F&O Classroom: What is Implied Volatility and Why is it Important in Options Trading? Know these 5 things of great use

F&O Classroom: What is Implied Volatility and Why is it Important in Options Trading?  Know these 5 things of great use

Options trading is becoming increasingly popular and with time more people are trying their hand at it than ever before. However, most people end up incurring losses in options trading and the biggest reason for this is the lack of correct information. If you also want to try your hand in options, then today we are going to tell you 5 important things related to Implied Volatility ie IV… Whether or not or whether a book is good or not, must have been decided on the basis of reviews. If the reviews are not good then people leave it. However, this scale does not always prove to be accurate. Our decision is not based only on reviews but is also influenced by our expectations, likes and dislikes. Similarly, in the stock market, investors keep expectations from a stock or index, which is not necessarily based on past performance. These expectations about how a security’s price might move are called Implied Volatility or IV. Implied volatility is one of the key indicators of options trading and can be found on the NSE website under Options Chain.
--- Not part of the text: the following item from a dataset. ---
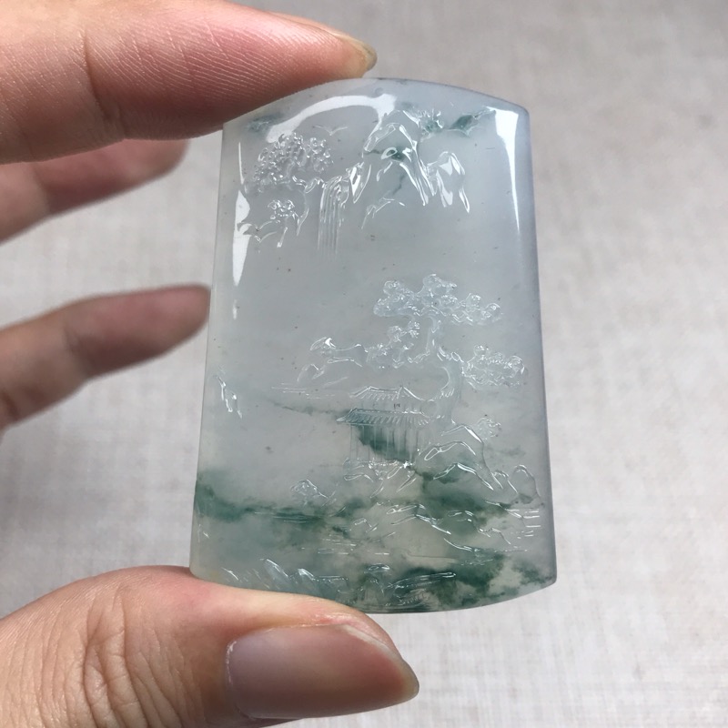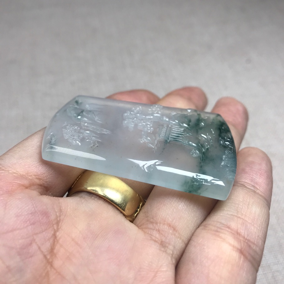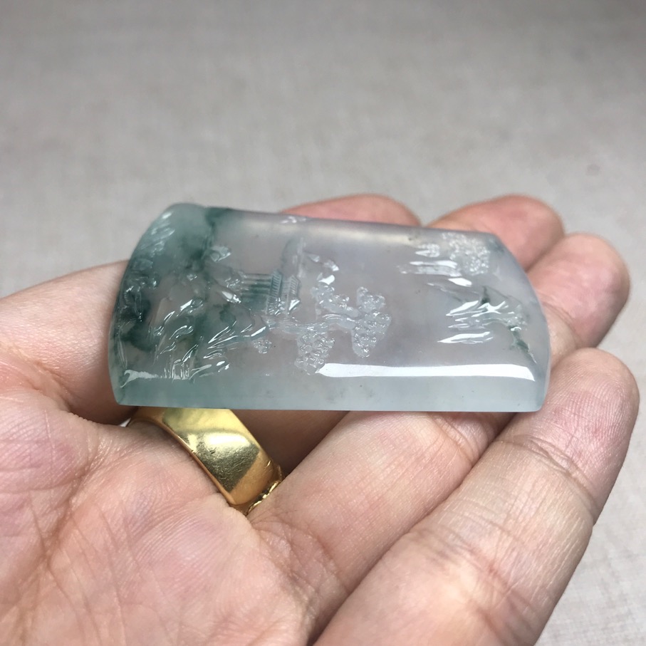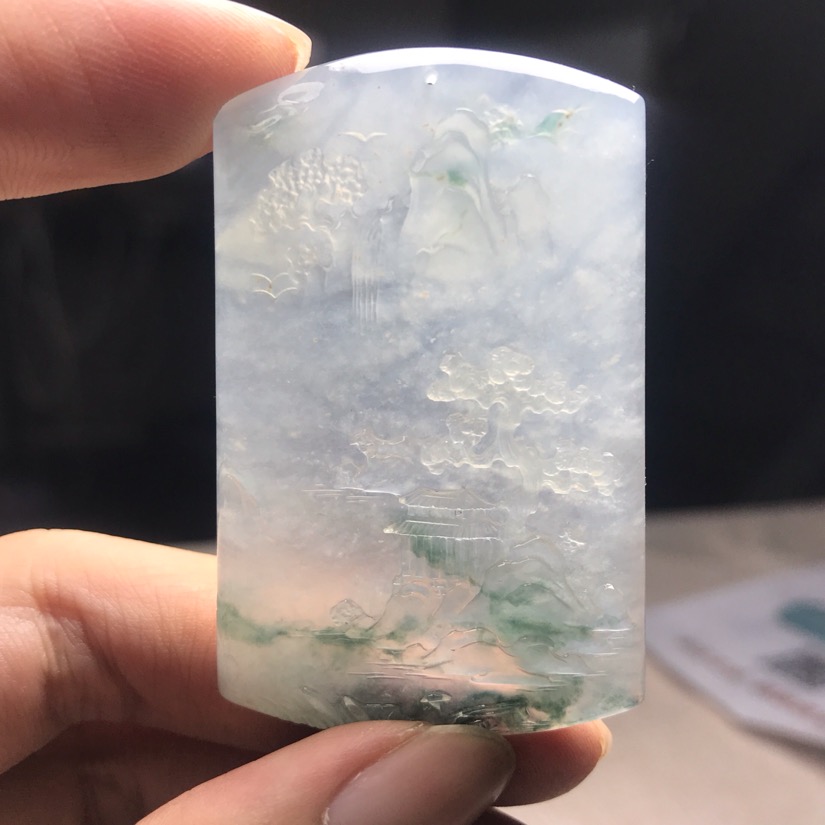 • [名  称] 糯冰种飘花翡翠山水意境吊坠

What is Implied Volatility (IV)?

Implied Volatility That is, the IV reflects the expectations of traders or investors regarding the movement of prices of implied assets such as stocks and indices over a given period of time.

How does the IV affect the price?< /h3>

The implied volatility depends on the demand and supply in the options market. If there are more buyers than sellers for an options contract, the price or premium as well as the implied volatility will increase. And if there are fewer sellers and more buyers, the option contract price or premium will fall and its implied volatility will also fall.

How to use IV in trading?

IV Can be used as a key indicator for trading. If the implied volatility and premium are high, then traders are usually pushing to sell options and this helps them earn higher premiums. Whereas if IV and premium are low, then traders prefer to buy options because they have to pay less premium.

How is it different from historical volatility?

Volatility There are two types – Historical and Implied. Implied volatility is an indicator of future expectations, while historical is a record of past fluctuations.

How to track implied volatility?

India Vix (VIX) There is a volatility index, which is available on NSE. It shows or tracks the implied volatility of the Indian stock markets. If the Vicks index is high, there is more scope for volatility in the market, whereas if the Vicks is low, it indicates stability of the market.


Puneet Maheshwari, Director, Upstox

Dis‍K‍Lemmer- The author is the director of Upstox‍ The views published are his personal. Before investing in the stock market, definitely take the advice of your financial advisor.